I have a stream (PDF file with annotations) and another stream (the same PDF file without annotations). I use streams because I need to execute this operations in memory.
I need to copy annotations from first document to another. Annotations can be different: comments, highlighting and other.
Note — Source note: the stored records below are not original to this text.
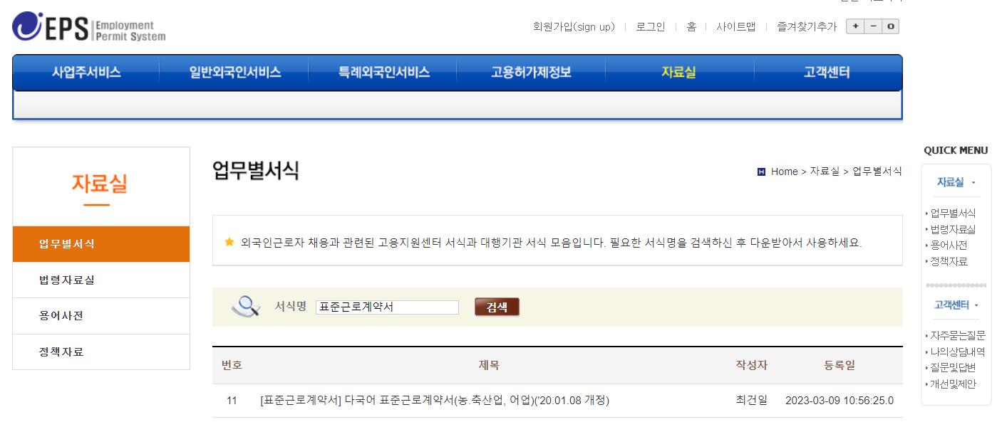 외국인근로자 고용변동 등 신고서를 제출합니다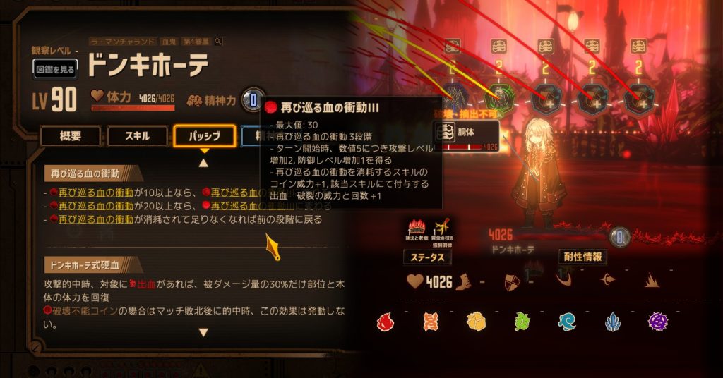 →血の衝動2段階目(スタック10以上・最大値20)で、数値5につき攻撃レベル1増加・防御レベル1増加、血の衝動を消耗するスキルのマッチ威力+1、それに該当するスキルの出血・破裂の威力と回数+1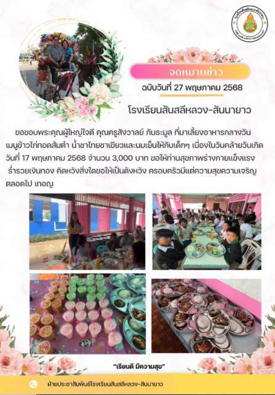 ขอขอบพระคุณผู้ใหญ่ใจดี คุณครูสังวาลย์ กันธะมูล ที่มาเลี้ยงอาหารกลางวัน เมนูข้าวไก่ทอดส้มตำ น้ำชาไทยชาเขียวและนมเย็นให้กับเด็กๆ เนื่องในวันคล้ายวันเกิด ในวันที่ 17 พฤษภาคม 2568 จำนวน 3,000 บาท ขอให้ท่านสุขภาพร่างกายแข็งแรง ร่ำรวยเงินทอง คิดหวังสิ่งใดขอให้เป็นดังหวัง ครอบครัวมีแต่ความสุขความเจริญตลอดไป

So it is better to copy annotations without parsing it.
Can you advice me some helpful PDF library for .NET? And some sample for this problem.
You can use this example for iTextSharp to approach your problem (this example copies a list of pdf files with annotations into a new pdf file):
var output = new MemoryStream();
using (var document = new Document(PageSize.A4, 70f, 70f, 20f, 20f))
{
var readers = new List<PdfReader>();
var writer = PdfWriter.GetInstance(document, output);
writer.CloseStream = false;
document.Open();
const Int32 requiredWidth = 500;
const Int32 zeroBottom = 647;
const Int32 left = 50;
Action<String, Action> inlcudePdfInDocument = (filename, e) =>
{
var reader = new PdfReader(filename);
readers.Add(reader);
var pageCount = reader.NumberOfPages;
for (var i = 0; i < pageCount; i++)
{
e?.Invoke();
var imp = writer.GetImportedPage(reader, (i + 1));
var scale = requiredWidth / imp.Width;
var height = imp.Height * scale;
writer.DirectContent.AddTemplate(imp, scale, 0, 0, scale, left, zeroBottom - height);
var annots = reader.GetPageN(i + 1).GetAsArray(PdfName.ANNOTS);
if (annots != null && annots.Size != 0)
{
foreach (var a in annots)
{
var newannot = new PdfAnnotation(writer, new Rectangle(0, 0));
var annotObj = (PdfDictionary) PdfReader.GetPdfObject(a);
newannot.PutAll(annotObj);
var rect = newannot.GetAsArray(PdfName.RECT);
rect[0] = new PdfNumber(((PdfNumber)rect[0]).DoubleValue * scale + left); // Left
rect[1] = new PdfNumber(((PdfNumber)rect[1]).DoubleValue * scale); // top
rect[2] = new PdfNumber(((PdfNumber)rect[2]).DoubleValue * scale + left); // right
rect[3] = new PdfNumber(((PdfNumber)rect[3]).DoubleValue * scale); // bottom
writer.AddAnnotation(newannot);
}
}
document.NewPage();
}
}
foreach (var apprPdf in pdfs)
{
document.NewPage();
inlcudePdfInDocument(apprPdf.Pdf, null);
}
document.Close();
readers.ForEach(x => x.Close());
}
output.Position = 0;
return output;
PdfReader has a constructor that takes an array of bytes so you can adapt it for MemoryStream.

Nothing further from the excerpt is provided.